We awoke at 6:30 a.m., got dressed and had breakfast in the hotel dining area. From there, we prepared for a 170 mile drive north to Mt. Desert Island, home to Acadia National Park, Maine's only national park. What a day!
We had to take some stops along the way, of course. First, gas was still under $4, at $3.99. We took a quick stop in Augusta to see the State Capitol Building. The grounds around the building were quite scenic. Next, we stopped in Waterville at Colby College, birthplace of Sigma Kappa, Stacy's sorority.
Driving past Bangor and no Stephen King in sight, we left interstate and onto State Route 3 to our destination, Acadia!
We made it on to Mt. Desert Island, which has 108 square miles, so it is quite large. Oh, but wait, we had to stop in Bar Harbor. Bar Harbor is a famous summer colony in the "Down East" region of Maine. It looked like there was something for everyone. There are tree-lined streets with restaurants and shops, a great main street park, a town pier, whale watching, kayaking and so on. Even the ocean liner Queen Mary visits there.
We walked Main Street for a brief while and had lunch at Rupununi. We had Maine lobster and clams.
It was finally on to Acadia National Park. Now in Bar Harbor it was sunny and 65. When we got to the Atlantic Ocean side of the island, it was 55, windy and foggy. What a difference! The main attraction for most is the 20+ mile one-way loop through the park, taking us to the most sought after points.
Upon entering the National Park we were welcomed by the famous Thunder Hole.

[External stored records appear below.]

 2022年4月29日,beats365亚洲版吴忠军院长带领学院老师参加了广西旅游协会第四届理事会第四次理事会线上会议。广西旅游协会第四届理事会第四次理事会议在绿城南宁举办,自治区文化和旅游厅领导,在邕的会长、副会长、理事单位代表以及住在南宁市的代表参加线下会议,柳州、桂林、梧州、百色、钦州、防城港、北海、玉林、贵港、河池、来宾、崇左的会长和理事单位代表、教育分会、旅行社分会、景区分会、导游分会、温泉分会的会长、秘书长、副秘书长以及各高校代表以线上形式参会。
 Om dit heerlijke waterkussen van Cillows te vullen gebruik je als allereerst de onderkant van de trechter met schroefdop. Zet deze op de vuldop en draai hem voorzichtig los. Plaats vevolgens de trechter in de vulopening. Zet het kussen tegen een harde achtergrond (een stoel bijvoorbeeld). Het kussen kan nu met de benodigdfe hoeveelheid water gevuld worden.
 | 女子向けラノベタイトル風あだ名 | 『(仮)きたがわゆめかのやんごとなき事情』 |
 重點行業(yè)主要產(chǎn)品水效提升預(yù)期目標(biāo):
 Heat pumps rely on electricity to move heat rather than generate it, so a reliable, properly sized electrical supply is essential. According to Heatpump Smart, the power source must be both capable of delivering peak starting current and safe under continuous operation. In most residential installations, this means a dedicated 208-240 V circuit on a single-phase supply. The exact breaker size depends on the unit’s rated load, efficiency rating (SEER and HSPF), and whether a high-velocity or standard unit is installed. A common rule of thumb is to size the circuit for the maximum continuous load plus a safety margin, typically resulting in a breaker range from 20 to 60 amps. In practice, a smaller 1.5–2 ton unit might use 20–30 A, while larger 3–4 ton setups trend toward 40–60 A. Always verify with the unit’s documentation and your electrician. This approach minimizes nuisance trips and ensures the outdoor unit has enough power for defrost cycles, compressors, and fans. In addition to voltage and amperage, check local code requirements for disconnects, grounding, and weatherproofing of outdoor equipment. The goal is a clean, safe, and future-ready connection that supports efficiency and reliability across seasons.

Thunder Hole is a small inlet, naturally carved out of the rocks, where the waves roll into. At the end of this inlet is a small cavern where, when the rush of the wave arrives, air and water is forced out like a clap of distant thunder. Water can spout as high as 40 feet, but the tide was out and we saw only small splashes and gurgles. Still the scenery and rock formations were awesome, even in the dense fog.

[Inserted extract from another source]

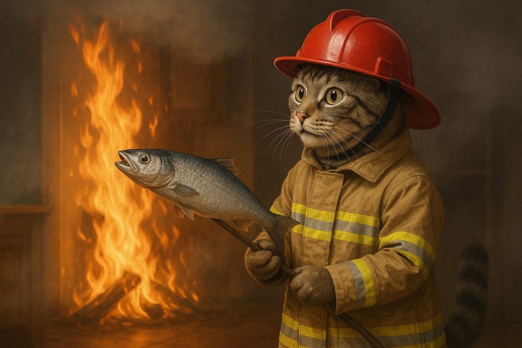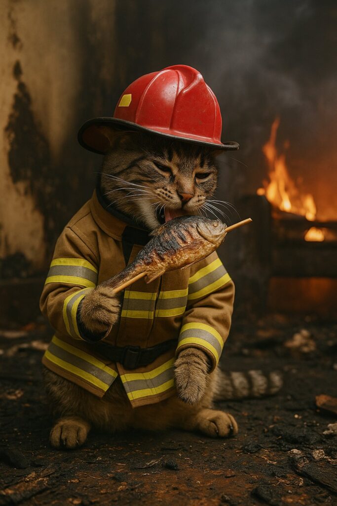 The firefighter cat sits on the burnt floor, holding a skewer with grilled fish and eating happily. Smoke drifts through the background, with scorched walls and debris around. The cat looks completely satisfied.
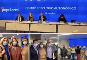 J. FEDERICO MTNEZ. La senadora del PP y diputada regional, Paloma Adrados, afín al sector de Pablo Casado, hizo pública una fotografía tomada este viernes de 4 marzo (2022) en el Comité Ejecutivo del PP de la Comunidad de Madrid en el que revela que este órgano ya está «preparando el Congreso extraordinario que se celebrará en Sevilla los días 1 y 2 de abril» que entronizará a Alberto Núñez Feijoo como nuevo líder del partido y presenta este cónclave madrileño exhibiendo varias fotografías junto a los alcaldes de Majadahonda y Las Rozas. Nada ha transcendido de esta reunión en la que la presidenta madrileña Isabel Ayuso mantuvo una distancia «física» con los tres dirigentes del sector casadista: José Luis Almeida, Ana Camins y Pío García Escudero, al tiempo que los fieles a Pablo Casado presumían en esas mismas fotos de la cercanía a miembros de Nuevas Generaciones, las juventudes del partido. Dos crónicas, una de El País (Juan José Mateo) y otra de ABC (Mariano Calleja) dan las claves de cuales son las dos posiciones:

Next was Otter Point, It was simply breathtaking. The Point comes after the ocean cliffs. The surf crashing against the huge boulders was awesome, and we did not get to see it at its fullest. Since the tide was out we did get to explore the massive granite boulders. The family climbed and sat on the boulders and listen to the ocean speak to us.

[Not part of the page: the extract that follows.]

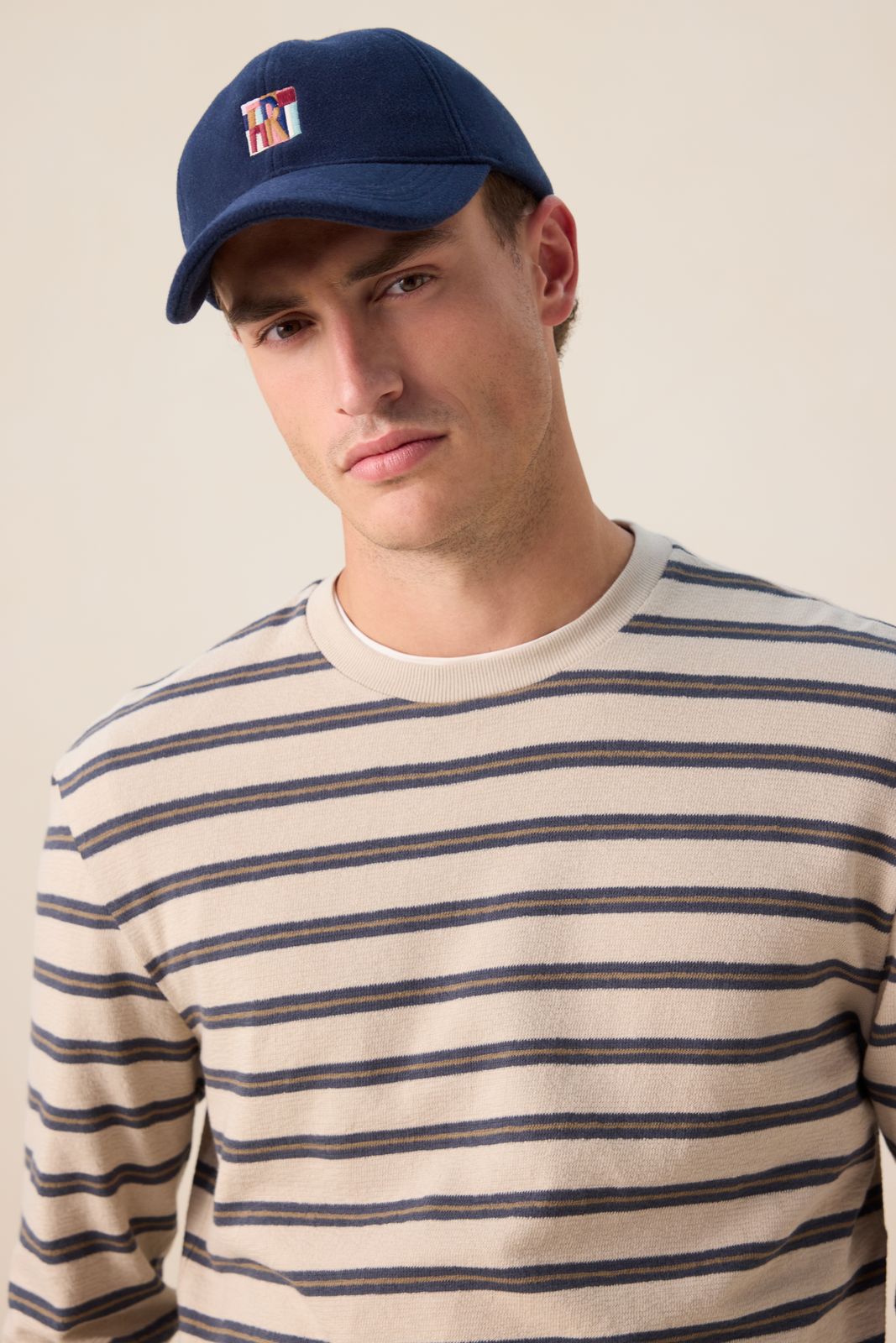 Donkerblauwe wollen pet met artwork van Sissy-Boy. De pet heeft een donkerblauwe kleur en een kleurrijk grafisch artwork aan de voorzijde. Materiaal: 60% wol, 40% polyester.

Later, Stacy, Rigby and Lucy took a little nap in a parking lot while Erik took a quick 3/4 mile hike to Bubble Rock. Going up the steep gap between South Bubble and North Bubble (rounded mountains), the trail gave me a short route to Bubble Rock, which is perched high above the Park Loop Road on the summit of the South Bubble. The fog enveloped me as I made it to the top, some 700 feet above sea level.
The final stop of our brief tour of Acadia was Cadillac Mountain. Even after being sheared off by the glaciers many, many years ago, it remains the highest point along the North Atlantic Seaboard at 1,532 feet above sea level. It usually provides spectacular panoramic views of the island and ocean, however, today a heavy fog took over. Driving to the top, we could barely see the road in front of us. What a unique experience. The wind was biting and cold. Erik hiked the perimeter of the summit. One cool fact is that Cadillac is the first place to view sunrise in the United States during the winter months.
Upon leaving the park, and all too soon, we decided to stop in Bangor for dinner and a quick tour. We stopped in the town square area, where a concert and festival were going on. It was neat to see so many locals out on a Saturday night enjoying music, beer and the 65 degree weather. We ate just across the street at Thai Siam, getting our fix of some tasty Asian food.
We drove back to Portland under a beautiful starry sky, once again thankul that Maine does not allow billboards - no distracting lights!! We stopped on a ramp at one point for a pit stop. Looking up to the sky, we saw the most brilliant view of the Big Dipper we have ever seen. The stars just popped out of the sky. What a sight!
We got back to Portland just after 11 p.m. For the day, we traveled 414 miles and were gone for 15 hours.